There are two types of cookies. Temporary cookies are stored in RAM and expire when the client closes his or her browser; permanent cookies live on the client’s hard drive and exist until they reach their expiration date (which may be so far into the future that they’ll outlive the computer they’re on). For example, consider the script in Example 21-1, which writes one temporary cookie and one permanent cookie that expires in one hour.

Example 21-1 shows the cookies’ names, values, and expiration dates, as required. Figure 21-1 and Figure 21-2 show how the cookies written by the script in Example 21-1 appear in the privacy settings of a browser. Go ahead and load the URL, http://www.WebbotsSpidersScreenScrapers.com/Listing_21_1.php, and check the cookie status for yourself.

Browsers and webservers exchange cookies in HTTP headers. When a browser requests a web page from a webserver, it looks to see if it has any cookies previously stored by that web page’s domain. If it finds any, it will send those cookies to the webserver in the HTTP header of the fetch request. When you execute the PHP/CURL command in Example 21-2, you can see the cookies as they appear in the returned header.

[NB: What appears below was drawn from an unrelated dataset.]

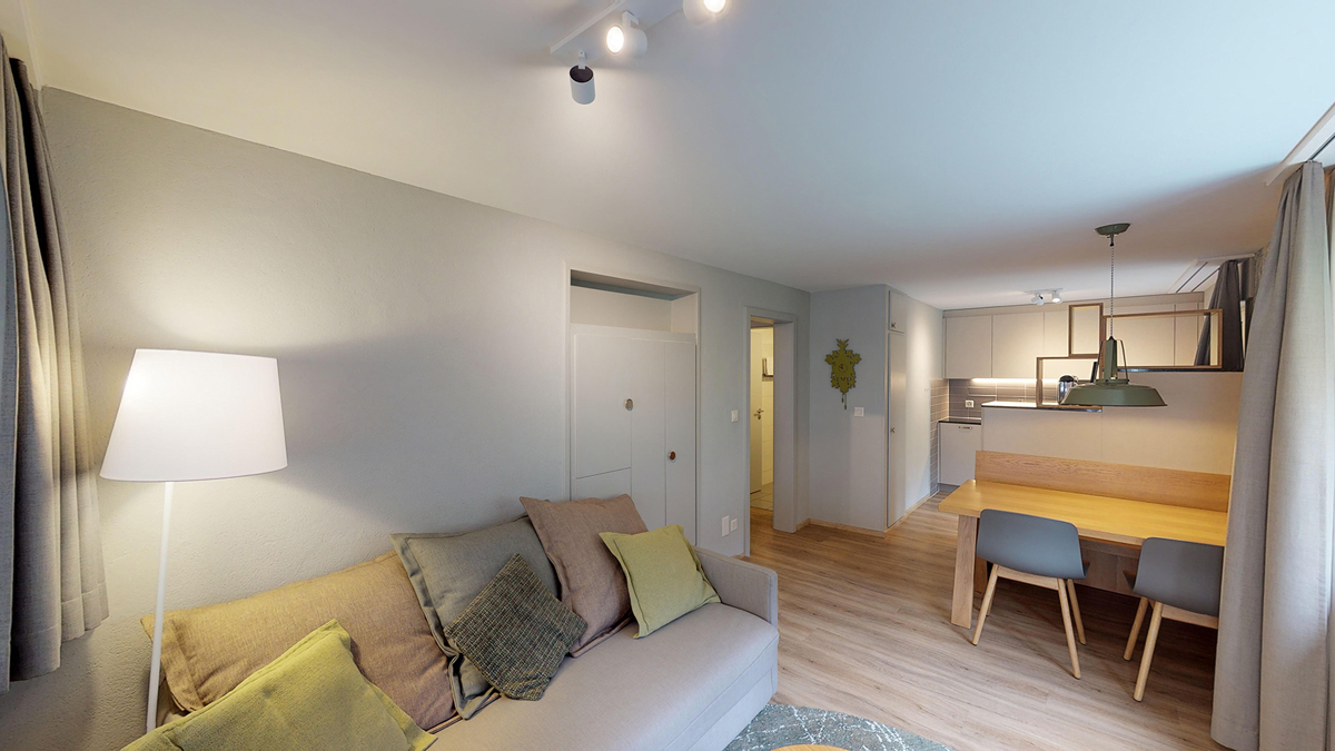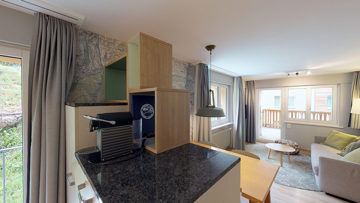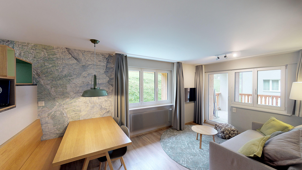 38 m² - sypialnia z 2 pojedynczymi łóżkami, salon z aneksem kuchennym i rozkładaną sofą dla 2 osób, łazienka, balkon; apartament zazwyczaj znajduje się na poddaszu ze skośnym dolnym sufitem

A browser will never modify a cookie unless it expires or unless the user erases it using the browser’s privacy settings. Servers, however, may write new information to cookies every time they deliver a web page. These new cookie values are then passed to the web browser in the HTTP header, along with the requested web page. According to the specification, a browser will only expose cookies to the domain that wrote them. Webbots, however, are not bound by these rules and can manipulate cookies as needed.